Kenya’s National AIDS Control Council proposed requiring, as part of the local IRB approval process, that cost data be shared immediately upon the completion of any costing studies and that raw data be maintained in a designated digital repository. This move was meant to fulfill four objectives: (1) reduce the time between production of new costing study results and inclusion in the UCR; (2) ensure that local researchers and policy-makers have access to primary data collected within their own country; (3) increase the value and use of the UCR for researchers and policy-makers; and (4) allay concerns of researchers about their ability to publish findings if data from their studies has already made data publicly available in UCRs.

Conclusions

Our experience demonstrates that, while UCRs have enabled analyses of the drivers of variation in unit costs, increased access to evidence on unit costs and streamlined the process of creating resource needs projections, the databases do not represent a panacea for country costing needs. Significant expense is incurred to build, launch, and disseminate UCRs, yet these repositories stagnate without a mechanism for ongoing management, data updates, and user support.

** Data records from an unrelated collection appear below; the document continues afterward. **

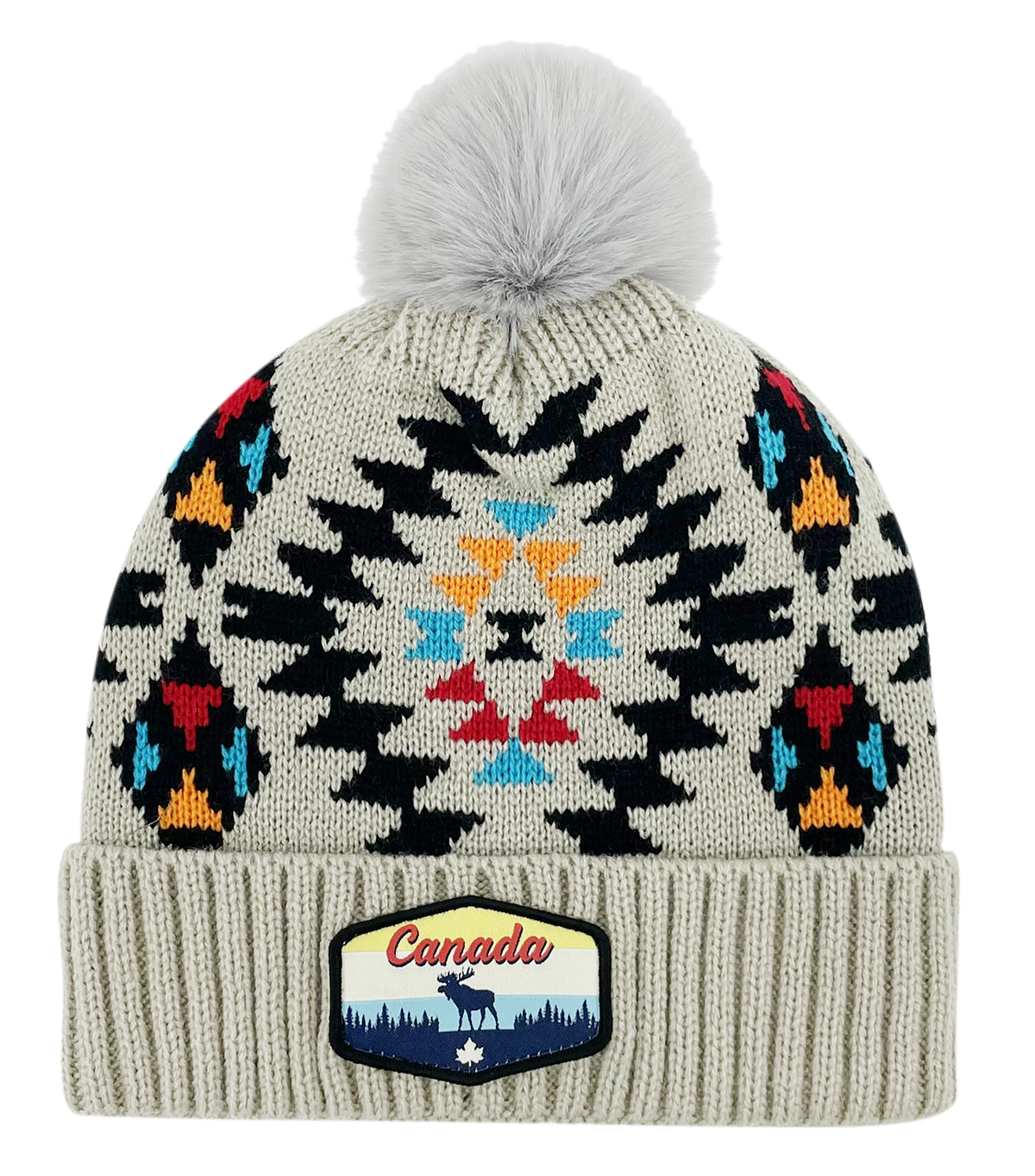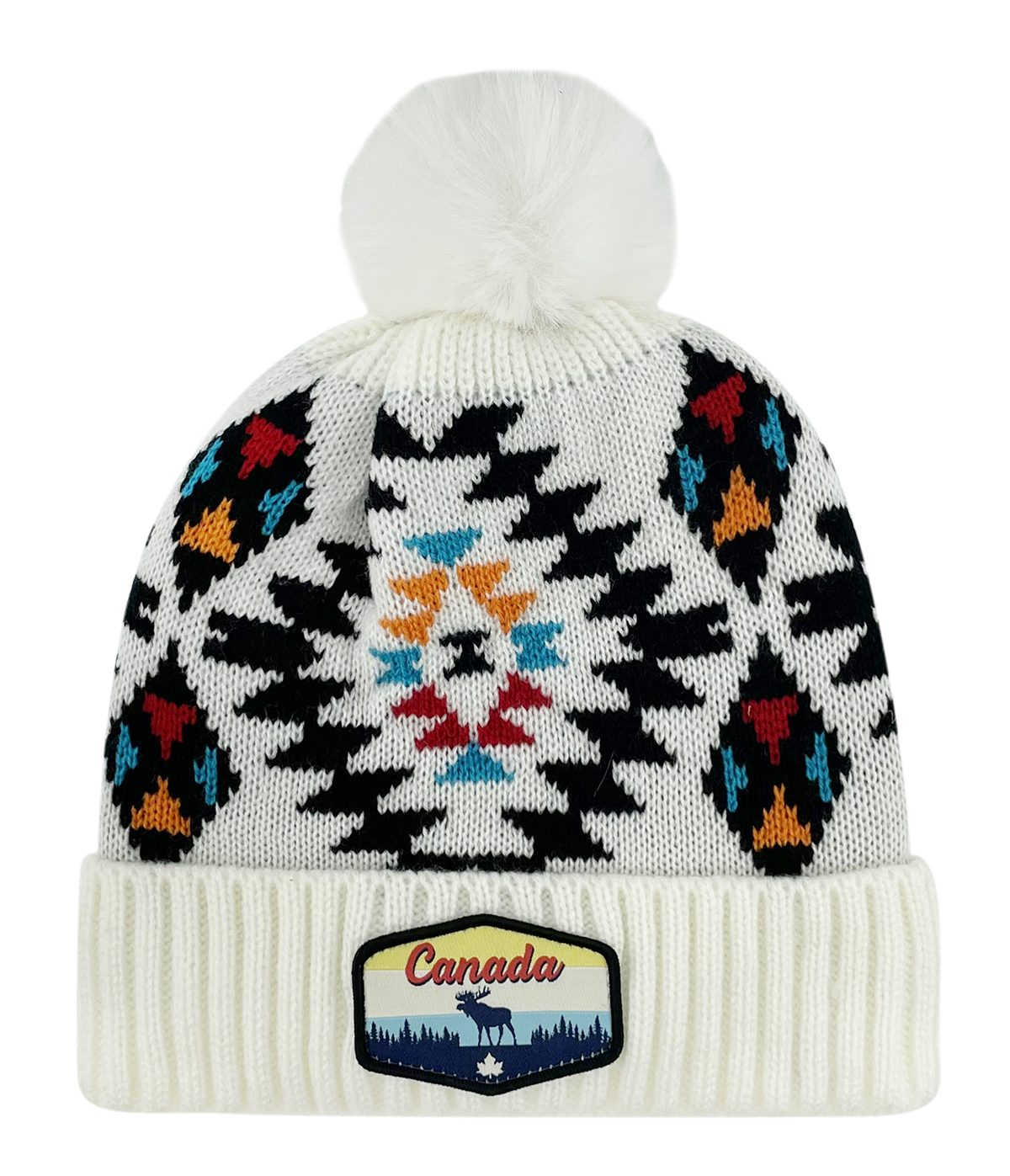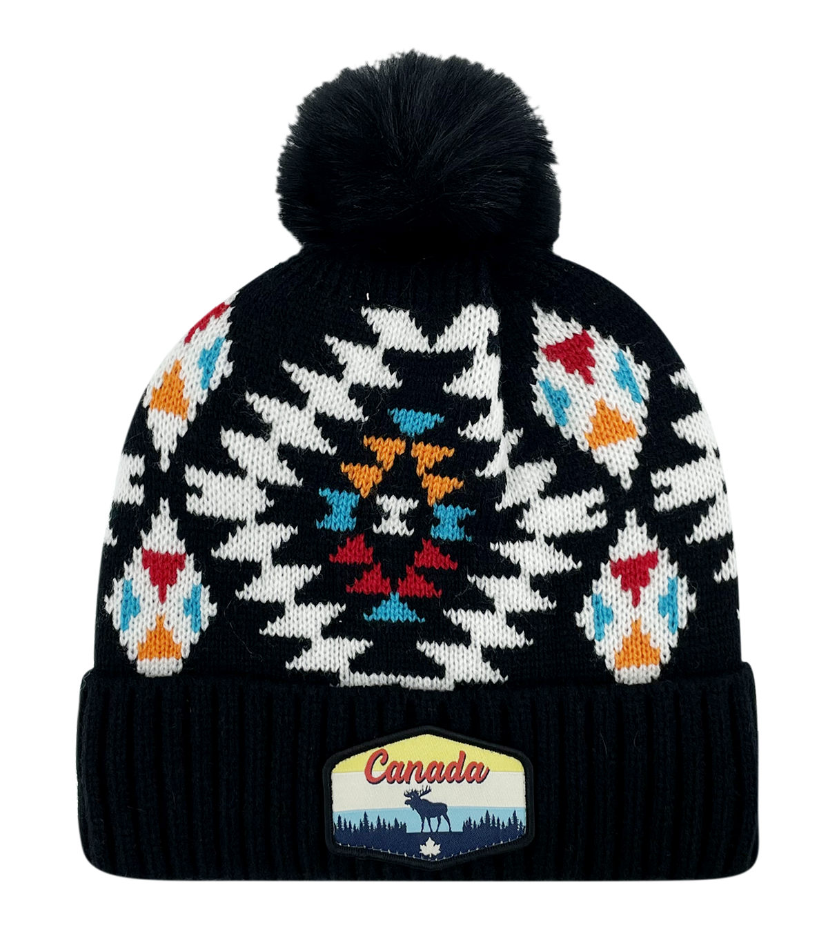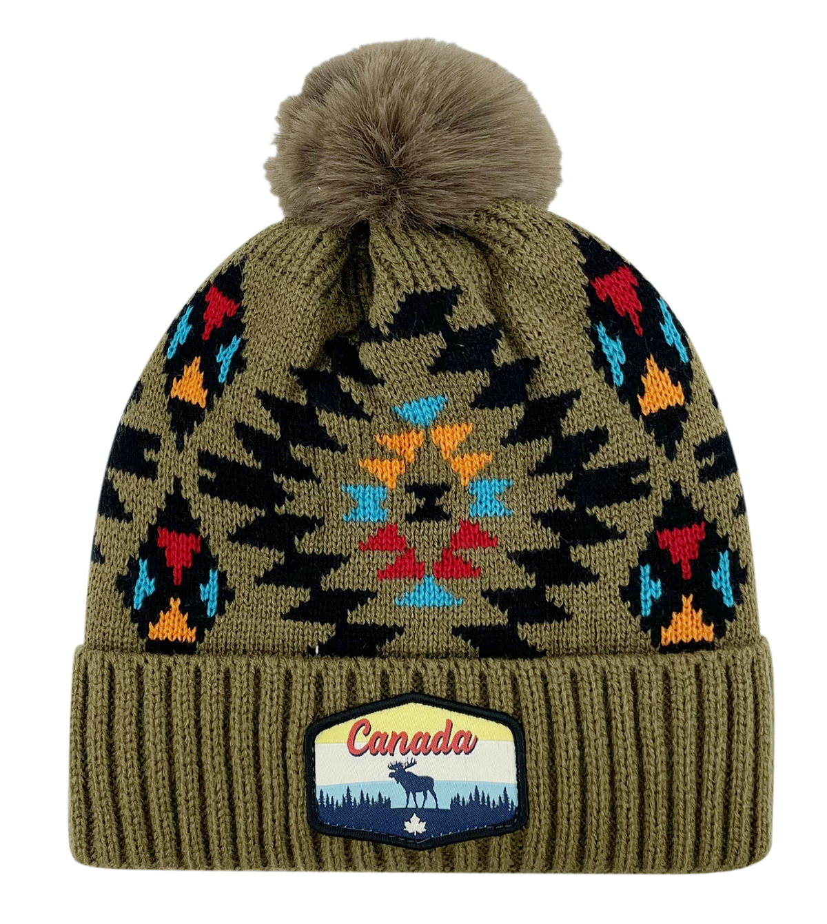 Canada Knit Toque Native/Navajo Pattern with Pom w/ Woven Patch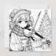 Tarjeta de coloración temática para navidades. chica de anime festivo bonito tocando la viola frente a un árbol de Navidad decorado.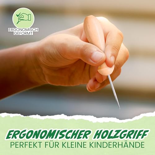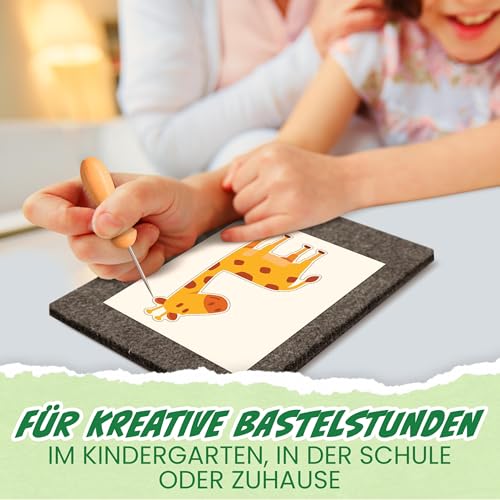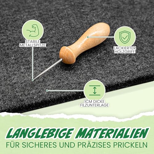 - 🌱 HOCHWERTIGE MATERIALIEN – Unser Prickelset für Kinder enthält eine langlebige Prickelnadel mit nachhaltigem Holzgriff mit speichelechtem Lack frei von schaften Kanten oder Splittern und eine extra dicke Prickelfilz-Unterlage.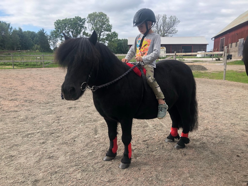 Jag var lite osäker på hur långt han skulle orka rida men vi red ner till sjön och plaskade lite i vattnet och sen hem igen så det blev ändå fyra kilometer. Assim skrittade på riktigt bra så det tog inte hela dagen heller! Loke vill inte trava än, men hoppas det släpper framöver.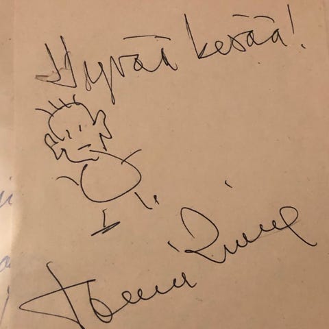Linn Ullmannin nimikirjoitus lehtikuvassa. Saatu 27.2.1989 henkilökohtaisesti.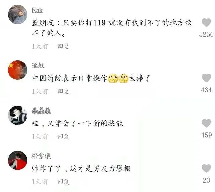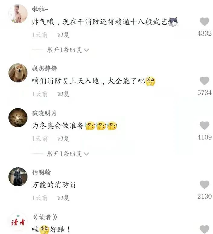 網(wǎng)友紛紛評(píng)論:“滑雪救援是救援中的天花板吧”、“藍(lán)朋友的技能多多!武藝高超!”、“消防員太全能了吧”。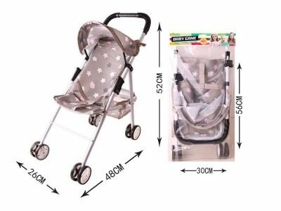 Коляска - трость для кукол, металлическая, высота ручки 52 см, с козырьком, с корзинкой, 56х30 см информация: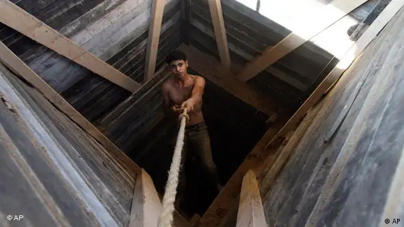Ein Palästinenser lässt sich langsam an einem langen Seil in das dunkle, schwarze Loch eines Tunnels an der Südgrenze des Gazastreifens herab. Wegen der israelischen Blockade sind die Menschen dort gezwungen, Nahrungsmittel und andere Waren aus Ägypten durch die unterirdischen Gänge nach Gaza zu schmuggeln. Und so wandern jede Nacht Reis, Benzin, Motorräder und sogar ganze Schafherden still und heimlich von einer Seite der Grenze zur anderen. Doch vielleicht nicht mehr lange - denn Ägypten plant, den illegalen Handel unter der Erde mit einer Barriere aus massiven Stahlplatten lahmzulegen. (mp/ap/dpa)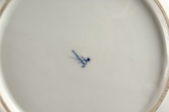 A SUPERB LARGE DRESDEN DESSERT SET, with pierced borders painted with flowers and figures, comprising two tier comport, pair of comports and twenty-four plates.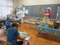 給食室に入るのは、はじめてです。子どもたちは、若松先生の説明を聞いたり、大きなお釜に入っている食材(ボール)を大きなしゃもじでかき混ぜる体験をしたりしました。この体験を通して、いつも食べている給食がどのように作られているのかがわかったようです。夏休み明けからは、以前より想像力を膨らませて給食を食べることができますね。貴重な体験ができました。協力してくださった調理員のみなさん、ありがとうございました。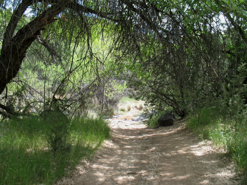 This has been a road, a jeep trail for many years, which leads to the Verde River. Still, it is used, although there is a great deal of technical challenge. Much of the road is directed straight down the stream bed, sometimes climbing out to a smoother surface through the forest and small meadows.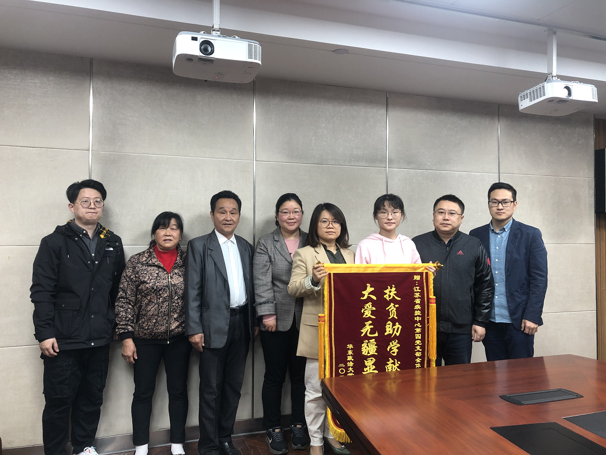 11月3日上午9时,卲同学及其家属一行来到中心,向四支部赠送锦旗,锦旗上写着“扶贫助学献爱心大爱无疆显真情”。锦旗传递的不仅是卲同学一家的感激之情,更是对四支部扶贫助学献爱心工作的高度认可。四支部充分发挥党建工作在扶贫助学攻坚战当中的引领作用,发挥基层党组织和广大党员战斗堡垒作用、先锋模范作用,确保实现决胜全面建成小康社会、决战脱贫攻坚目标任务。

Honest discussion of the limitations of UCRs may serve to create realistic expectations on the part of donors, local governments, and users. For example, UCRs cannot solve or compensate for an individual’s lack of expertise regarding how to generate or use cost data. Additionally, poor documentation of methods in source materials can limit a UCR administrator’s ability to control and communicate the quality of the data. Finally, when intervention implementers and evaluators have incentives to treat data from the studies they conduct as proprietary, UCRs can provide, at best, an incomplete record of relevant information.

Thus, rather than building new UCRs, stakeholders—particularly LMIC governments—may be better served by increasing investments in other areas related to unit cost data, namely: (1) routinizing systems for regularly generating and collecting cost data within national health systems, and (2) building capacity among economic researchers within the respective countries to better analyze and utilize existing cost data.